WINSTON BRYANT Attorney General


[1] This review is limited, under § 25-19-105(c)(3), to personnel records and employee evaluation and job performance records. To the extent, therefore, that your request involves any other types of records, this opinion will not address any issues relevant thereto.
[2] The records identified are as follows:

. . . transcripts, teaching certification, job application, military notices of deployment, military leave requests, 1991-92 teacher’s contract, amendment to teaching contract, employee salary classification revision, record of available leave (sick, vacation, personal, etc.), statement of accumulated sick leave, Fort Worth’s teacher service record, notice of required TB test, letter regarding NTE requirements, contract revision memorandum, salary revision letter, resume, application cover letter, provisional teaching certificate, employment memorandum, letter regarding contract terms, 1990-91 contract and employment eligibility verification form. . . .

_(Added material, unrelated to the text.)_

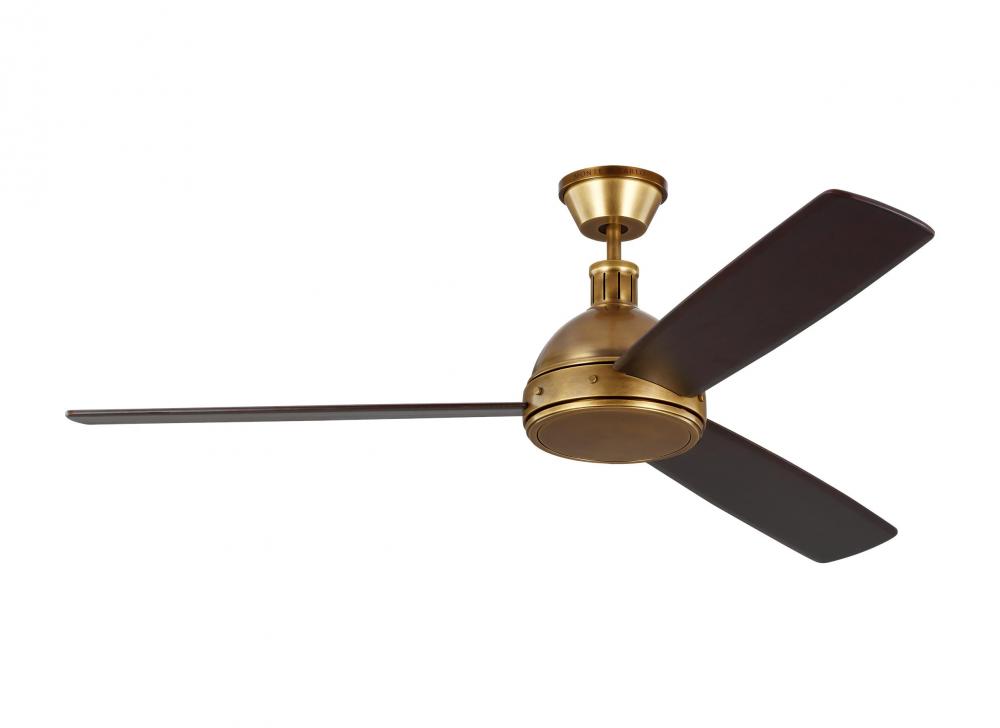 The Thomas O'Brien Hicks 60 in Hand-Rubbed Antique Brass features a 178.0 X 22.0 6 speed motor with a Thirteen degree blade pitch. Inspired by Thomas O’Brien’s Hicks vintage pendants, a new introduction of ceiling fans are flawlessly implemented with industrial charm. The beautifully shaped integrated LED shallow dome, while the signature metal band with rivet details becomes the spinning blade element. Available in two finishes.
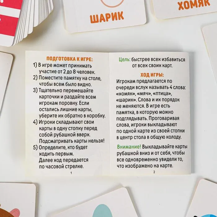 Перед вами увлекательная игра, которая поможет натренировать внимание и реакцию, а ещё весело и интересно провести время. Что нужно делать? Быть очень внимательным и следить за тем, что говорят и выкладывают остальные игроки. А самое главное — быстрее всех хлопнуть по карточкам в нужный момент. Ведь только так можно победить.

[3] An exception might apply in the case of what he references as “transcripts.” It must be noted in this regard that “scholastic records” are exempt from public disclosure in accordance with A.C.A. § 25-19-105(b)(2). The Arkansas Supreme Court in Arkansas Gazette Co. v. Southern State College,273 Ark. 248, 620 S.W.2d 258 (1981), app. dism’d, 455 U.S. 931
(1982), held that this exemption applies to “individual education or academic records.” 273 Ark. at 250. See also Op. Att’y Gen. 92-025. This office has, consistent with this ruling, stated that grade transcripts are scholastic records but that lists of schools attended and degrees received are not. Op. Att’y Gen. 87-108. Not having seen the actual records in question, I cannot make a conclusive determination concerning the referenced “transcripts.” The exemption for scholastic records should, however, in my opinion be considered in this regard.
[4] There is no suggestion in Dr. Bernd’s letter that employee evaluation or job performance records are included within those records he proposes to release. This decision is, in my opinion, consistent with the FOIA because as you have noted, there has been no final administrative resolution of the suspension proceeding. See A.C.A. § 25-19-105(c)(1), discussed infra.